No drops Objetos feito em sala, fomos induzidos a refletir sobre a origem dos objetos no nosso cotidiano, com a cena do filme 2001: uma odisseia no espaço, onde o "primeiro objeto" que surge é utilizado como arma, forma de impor superioridade através da violência. Nessa discussão, ficamos com o questionamento; nós dominamos os objetos ou somos dominados por eles?
Essa não é uma discussão simples e nem linear, pois ao longo da aula foi possível perceber que os objetos (assim como a arquitetura) influenciam diretamente o comportamento humano, pela sua forma função e intenção, que pode ser tanto responsabilidade do artista ou inventor, quanto da criatividade do usuário, que é livre pra sempre interpretar como lhe convém, o objeto que tem em mãos.
Depois a discussão caminhou para o primeiro texto lido, que é Animação Cultural, de Vilém Flusser, no qual a ficção trata de um mundo onde objetos tem "vida" e querem seus direitos objetivos, o que seria uma inversão da realidade em que vivemos. Além da temática de quem domina quem, que também é proposta nesse texto, a leitura traz a discussão sobre hierarquia dos objetos, e fomos convidados a refletir se esse conceito de fato existe e pode ser aplicado à nossa realidade.

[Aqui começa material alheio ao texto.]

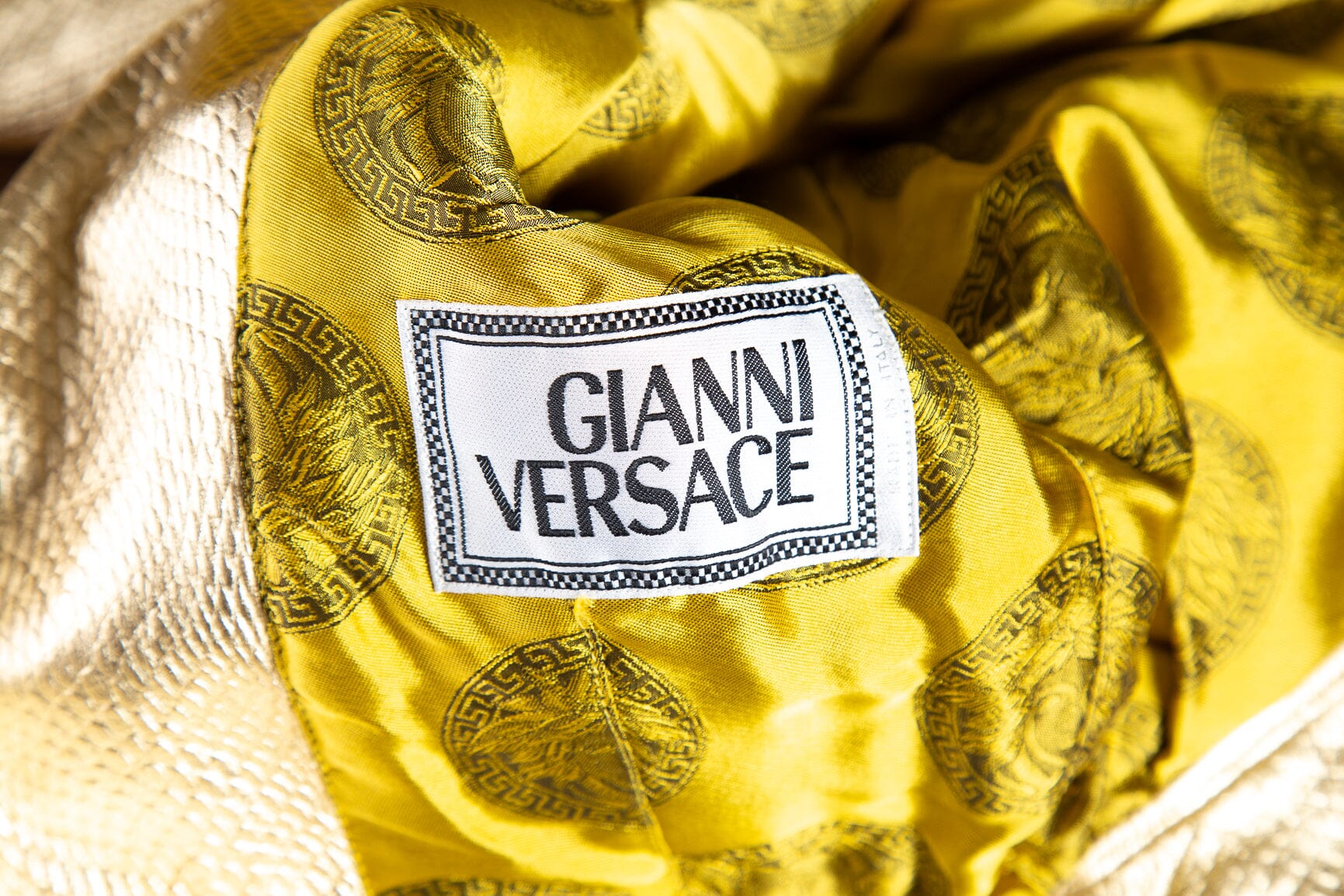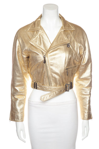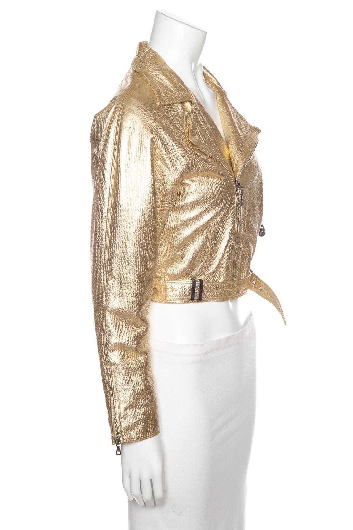 Gianni Versace F/W 1994/95 Gold Embossed Leather Moto Jacket. This item is in very good condition.

Nessa linha de raciocínio, voltamos na odisseia no espaço, onde fica a dúvida se o macaco da cena só se sobressaiu por ter descoberto uma arma, levando ao pensamento de que uma arma é o objeto mais importante, pensamento esse muito polêmico e questionável. Também pensamos sobre a forma dos objetos, representada pela personagem mesa redonda, que se declara o objeto maioral por conseguir reunir todos os outros objetos de forma igualitária, propondo então de ser a líder dos objetos. Essa constatação da mesa nos leva a pensar em como a forma do objeto afeta diretamente seu uso, e consequentemente, afeta também o ser humano enquanto usuário.
Depois, lemos em sala o conto A ficção como cesta: Uma Teoria, de Ursula K. Le Guin, em que a autora traz uma proposta quase que oposta à do filme e do texto de Flusser, na qual ela nos convida a pensar na história dos objetos por um outro olhar, não dominador, mas de cuidado, que é através da figura da cesta. Essa discussão é muito interessante pois podemos perceber o viés masculino que existe nas histórias da humidade, em que apenas contam da lança usada para matar o mamute, sendo que a maioria dos seres humanos na época vivia de agricultura, e para tal atividade, são necessários cestos para carregar os grãos e verduras cultivados, além dos cestos carregarem com segurança as crianças enquanto seus pais colhiam os produtos agrícolas, porém essa narrativa pacata chama muito menos a atenção do público das ficções do que a história do herói que mata a fera e retorna pra casa com uns pedaços de carne (carregados onde, inclusive? pois é).
Pessoalmente gostei muito desse texto e de discutir sobre ele em sala, já que eu sempre tive uma certa resistência com a ficção científica, exatamente pelo motivo que a autora ressalta, da masculinidade envolvendo as narrativas, e foi muito interessante relacionar esse meu pensamento com os objetos, e mais ainda, com a arquitetura em si. Como um ambiente criado pode acolher ao invés de intimidar? E qual o papel do arquiteto na sensação que o usuário tem ao interagir com determinado espaço?
Podemos também relacionar toda essa discussão com os conceitos de Hertzberger, pois o autor também propõe que passemos a perceber a arquitetura e o papel do arquiteto com outros olhos, e ele nos mostra que o arquiteto não deve ser o ditador do espaço, assim como o objeto não deve ser o ditador de seu uso. E vimos que o jeito como o espaço pode ser utilizado e a interpretação que cada um terá sobre o projeto pode ser influenciada por incentivos, mas deve sempre ter espaço para novos usos e interpretações.